Allergen Information

  • Contains Dairy: This recipe contains butter. If you’re lactose intolerant or vegan, you can substitute the butter with ghee or a plant-based butter alternative.
  • Gluten-Free: This dish is naturally gluten-free, making it suitable for those following a gluten-free diet.
  • Legume Allergies: This recipe contains lentils, which may cause issues for those with legume allergies.
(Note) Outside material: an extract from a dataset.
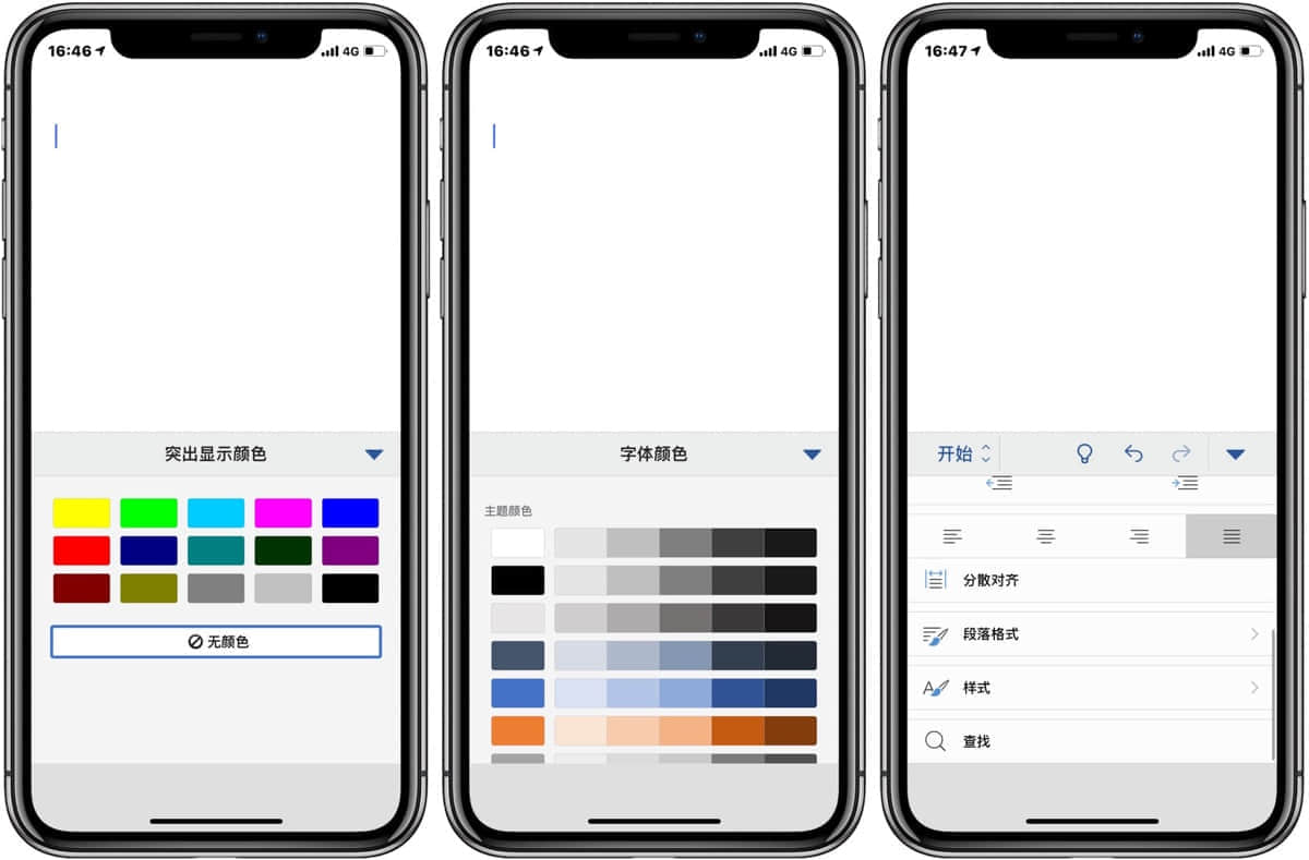 像自定义文本颜色、排版、文本样式定义等一些系列的 Office 上的基础操作功能在 Word/Excel/PowerPoint 三个 app 里都是统一调用的。
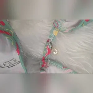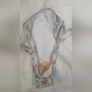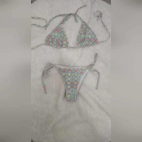 Stylish bikini with geometric patterns. Features adjustable ties. Perfect for beach days.

If you’re allergic to lentils, consider using a different type of bean or legume.

Dietary Preferences

  • Vegetarian: This dish is entirely plant-based and does not contain any animal products, making it a great option for vegetarians.
  • Vegan: For a vegan version, simply substitute the butter with a plant-based option like coconut oil or ghee.
  • Gluten-Free: Naturally gluten-free, making it perfect for individuals with gluten sensitivities.

Tips and Advice

  • Adjusting Spice Levels: If you prefer a spicier dhal, feel free to increase the amount of green chili or add a pinch of red chili powder to the masala paste.
  • Consistency: The consistency of dhal can vary based on how much water you use. For a thicker dhal, reduce the amount of water in the initial cooking phase. If you prefer a more soup-like consistency, feel free to add more water as needed.
  • Serving Suggestions: This brown lentil dhal pairs wonderfully with warm roti, naan, or a simple bowl of steamed rice. You can also serve it with a side of cool yogurt or a light salad for a complete meal.
  • Storing Leftovers: Leftovers can be stored in an airtight container in the refrigerator for up to 3-4 days. The dhal also freezes well, so you can make a larger batch and save some for later. To reheat, simply add a splash of water and warm over medium heat.

Conclusion

Brown Lentil Dhal, or Sabut Masoor di Dhal, is a nourishing, flavor-packed dish that brings together wholesome ingredients and fragrant spices. Its simplicity makes it an excellent choice for everyday meals, while its rich, satisfying flavor ensures it is anything but ordinary. Whether you’re cooking for yourself, family, or friends, this dhal offers a delicious, comforting meal that is both nutritious and easy to prepare.

Perfect for vegetarians and those following a gluten-free or vegan diet (with substitutions), this dish is a versatile addition to any table. Enjoy it with your favorite flatbread or rice and savor the warm, aromatic flavors of this beloved South Asian classic.